[Collected data]
• • • •

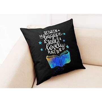 Yuzi-n Between The Pages of A Book is A Lovely Place to Be Pillow Covers for Home Book Room Reading Room Sofa Couch Decor - Book Lover Decor Gifts for Teens Kids Men Women - 18 x 18 Inch
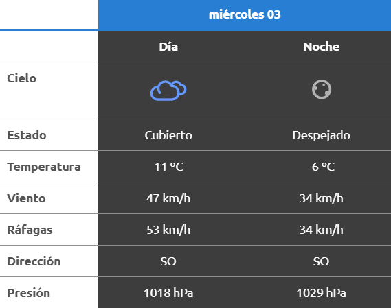 El parte del servicio meteorológico prevé que para después del mediodía el cielo estará con lluvias aisladas y los vientos del sector sur tendrán velocidades estimadas de entre 32 y 41 km/h. La temperatura pronosticada sería de 13 grados.
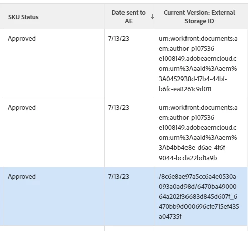 We just went live with Assets Essentials a few weeks ago and are trying to figure out reports in Workfront that will show all documents that haven't been sent to AE. I have found the External Storage ID starts with "urn.workfront:documents:aem:author" if it has been sent to AE while the others are the guid for the document and document version. I am not able to use the contains option in the filters so I haven't been able to figure out how to use that in reporting to show documents that haven't been sent to AE. Since we can't filter by metadata or export metadata in AE, this is the only option I could think of.
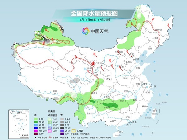 具体来看,中央气象台预计,今天,新疆沿天山地区和南疆西部山区、内蒙古东北部、青海南部、西藏南部等地部分地区有小到中雪或雨夹雪,其中,新疆沿天山等地局地有大到暴雪。新疆北部、内蒙古东部、湖南中部、江西中部、四川南部、贵州大部、云南西部等地部分地区有小到中雨,其中,新疆伊犁河谷局地有大雨。
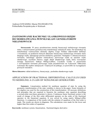 Słowa kluczowe: układ nieliniowy, linearyzacja, pochodna ułamkowego rzędu
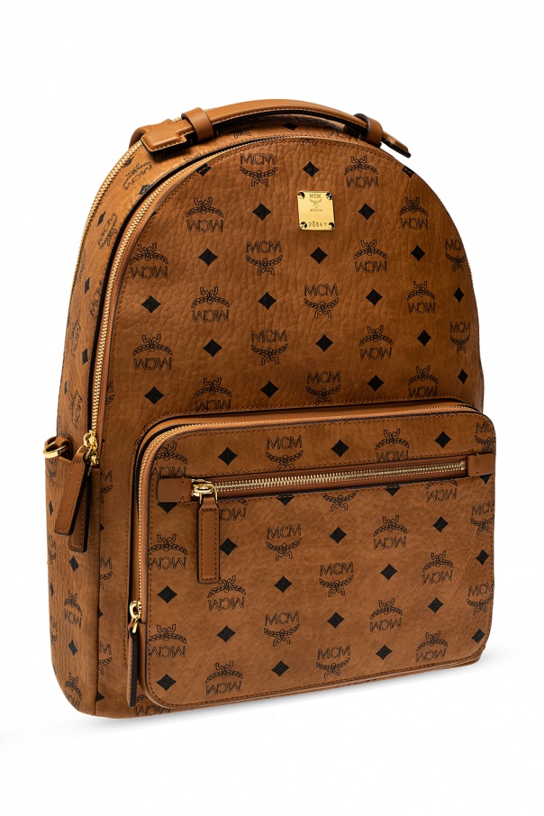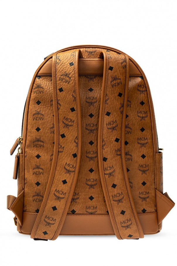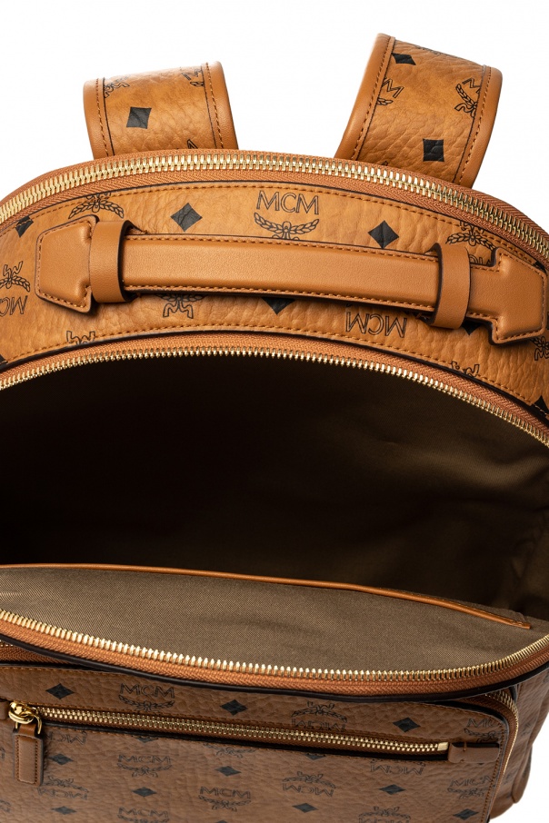 Brown backpack from MCM. Crafted from the brand\'s signature Visetos canvas, this design features a printed pattern in black, logo detail, zip fastening, two front zip pockets, two side slip pockets, adjustable shoulder straps and gold-tone metal hardware. It has two compartments, one slip pocket and two partitions inside.
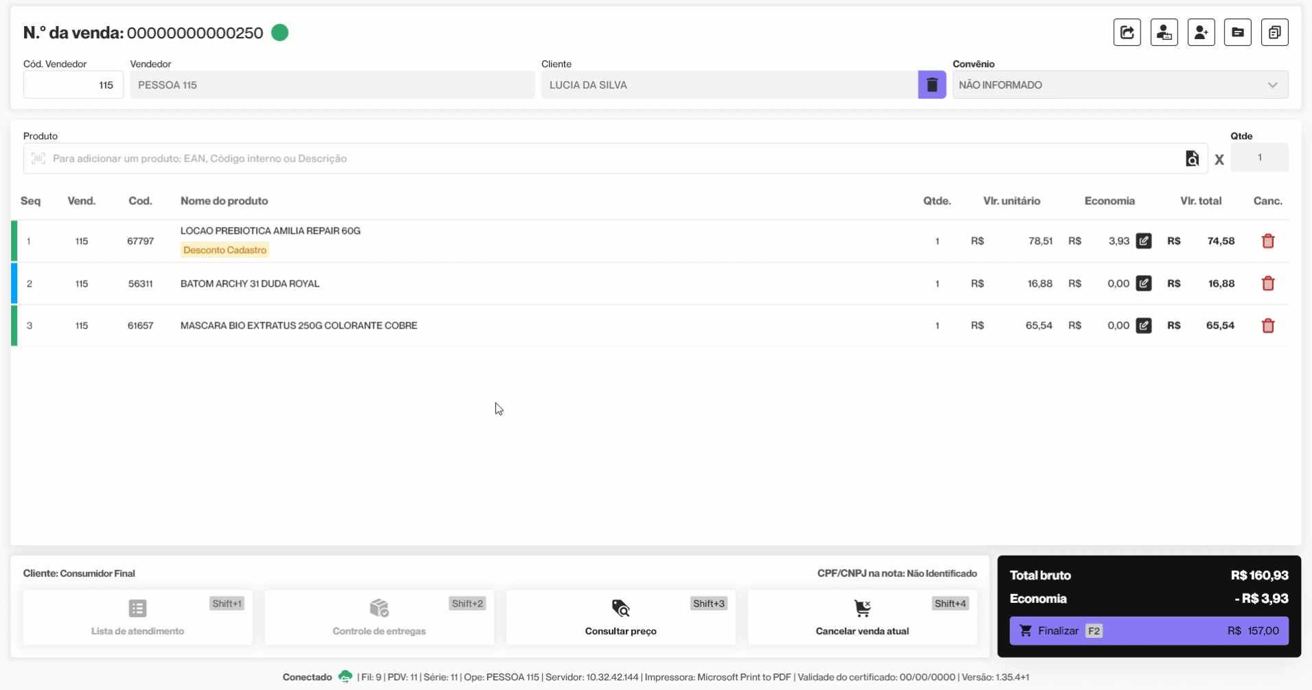 Caso necessário, repita o procedimento para os demais produtos da venda. Em seguida, a venda poderá ser finalizada normalmente. Para acessar a documentação sobre os recebimentos disponíveis e a finalização da venda, clique aqui.

• • • •

WHAT IS REQUIRED: Nothing but the lines from the first line of the data through the line with "具体来看,中央气象台预计,今" belongs in the answer, copied exactly and without pictures.

EXERCISE ANSWER:
 Yuzi-n Between The Pages of A Book is A Lovely Place to Be Pillow Covers for Home Book Room Reading Room Sofa Couch Decor - Book Lover Decor Gifts for Teens Kids Men Women - 18 x 18 Inch
 El parte del servicio meteorológico prevé que para después del mediodía el cielo estará con lluvias aisladas y los vientos del sector sur tendrán velocidades estimadas de entre 32 y 41 km/h. La temperatura pronosticada sería de 13 grados.
 We just went live with Assets Essentials a few weeks ago and are trying to figure out reports in Workfront that will show all documents that haven't been sent to AE. I have found the External Storage ID starts with "urn.workfront:documents:aem:author" if it has been sent to AE while the others are the guid for the document and document version. I am not able to use the contains option in the filters so I haven't been able to figure out how to use that in reporting to show documents that haven't been sent to AE. Since we can't filter by metadata or export metadata in AE, this is the only option I could think of.
 具体来看,中央气象台预计,今天,新疆沿天山地区和南疆西部山区、内蒙古东北部、青海南部、西藏南部等地部分地区有小到中雪或雨夹雪,其中,新疆沿天山等地局地有大到暴雪。新疆北部、内蒙古东部、湖南中部、江西中部、四川南部、贵州大部、云南西部等地部分地区有小到中雨,其中,新疆伊犁河谷局地有大雨。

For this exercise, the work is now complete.